6 Mistakes that People Make with their CV

Steve Blakeman 12/11/2019 5

Your resumé / CV is your golden ticket to a new career... or potentially the quickest way to kill your prospects of a dream job. Why? Because all too often recruiters / employers are looking at ways to rule you out so they can get to the best candidates, so here I have highlighted some common mistakes that people make which you can easily eradicate:

  1. Writing about yourself in the 3rd person - "Bob is an excellent communicator and highly effective presenter". If that were written by a third party it would sound impressive. But when it is written by Bob himself (and you know it is because its Bobs resumé) it simply comes across as weird. And also pretty conceited. Always write about yourself in the 1st person.

  2. Spelling mistakes - their is nothing much more worse then dotting your resume with a stream of spellink mistooks or grammer errors. There is also no excuse these days with the likes of Spellchicker or Grammerly readily availabel

  3. Funky formats - maybe in the 90's when we were messing about with Photoshop or fantastical fonts would it be acceptable to present your resumé in Comic Sans in lurid orange. Not any more. Stick to simple and neat.

  4. War & Peace - remember your resumé will most likely only get a few minutes of someone's time when they may have hundreds of CV's to sift through. If your resumé comes perfect bound like an encyclopaedia it doesn't say to the reader "boy, this candidate has done a lot in their career" it screams "there's no way I am reading through all that". Keep it succinct, two or three pages at most. If they want to know more, they will ask for it.
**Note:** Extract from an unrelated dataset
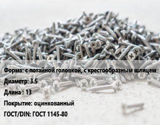 Шуруп с потайной головкой, с крестообразным шлицем 3.5х13 оцинкованный ГОСТ: ГОСТ 1145-80

  5. Clichés - there are so many overused phrases in CV's that they now mean very little to a potential employer. Hard-working? Excellent communicator? Team player? Forward thinker? Laser like focus? Yawn. Heard them all a million times before. And again, going back to point 1 in this list, describing yourself as these things makes you sound narcissistic and that your are probably bullsh*tting.

  6. Leveraging LinkedIn - all too often people focus on their resume when they should be paying as much (if not more) attention to their LinkedIn profile. If I am reviewing someone's background to see if I want to interview them then LinkedIn is my first port of call after I have read someones CV. It offers a much richer experience as it shows in more detail what the candidate is interested in by showcasing the pieces they have written, items they have shared or commented upon (so be very careful about trolling as it will work against you)

So what do you think? Have you got any more examples to add to the list?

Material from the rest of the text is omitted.